失踪した後輩が通っていたのは、いっぷう変わった料理店。予約のたびに場所が変わり、毎回違う若い女性が食事に相伴してくれるという…。謎めいた料理店で出会う「少し変わった子」たちが、あなたを幻想的な世界へと誘う物語。


短編連作、オムニバスってやつですね。
主人公である大学教授が、不思議なシステムのお店で食事をする話。

…とだけ書くと、全然意味不明で面白くなさそうだな(^^;。
しかし、ちょっと簡単にあらすじが書けない雰囲気の話ではあります。

かなり多作な部類に入るであろう著者の作品の中では、主流を占めないタイプの物語だといえるでしょうね。
キャラクターには森スタイルがこれでもかってぐらい詰め込まれてますけどね、物語の雰囲気、というと、珍しいほうではないでしょうか。
そういう意味で、著者の従来のファンでも好みが分かれそうな感じがします。

一話目を読んで私が感じたのは、森さんが食事をするシーンを軸にすえた物語を書いたということに関する違和感でした。

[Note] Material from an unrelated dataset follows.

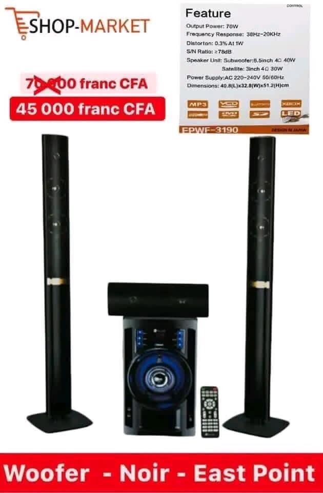 Découvrez le système audio Woofer East Point Noir, idéal pour une expérience sonore immersive. Avec sa puissance et sa télécommande, il est parfait pour votre salon ou salle de cinéma à domicile.

私は彼のエッセイとかブログとかをチェックする程度には、彼の公開されている情報には接しているほうだと思います。
で、その印象からなんだけど、彼って食べることにあんまり興味がないように見えるんだよね。

おいしい食べ物を食べること、食材に関する興味、料理に対する好奇心、そういった方面への嗜好がほとんど感じられないんだよね。
一日一食しか食べないとか、食事の時間が勿体無いとか、そういう感覚が自分には全くないので、余計に印象に残ってるんだと思うのだけど。

なんていうか、たとえば椎名誠とは真逆な方向性っていうか(笑)。

そういうわけで、だから森さんが料亭での食事シーンがメインの舞台を作るっていうのにびっくりだったんだけど、読んでみたらやはり食べ物の描写がほとんどなかったのに納得(^^;。

ざーっと読んでしまうとつかみどころがなくてぼやんとしたストーリーに見えるのだけど、主人公の思考に寄り添って沈み込んでいくと、とても深い思慮に辿り着いてしまいそうな物語でした。

もしかしたら、失踪したという荒木さんは、彼女の手を取ってしまったのだろうか。
そして、小山さんはそこに陥ることもなく堪能を味わっているのだろうか…。
不思議な読後感がザワリと残りました。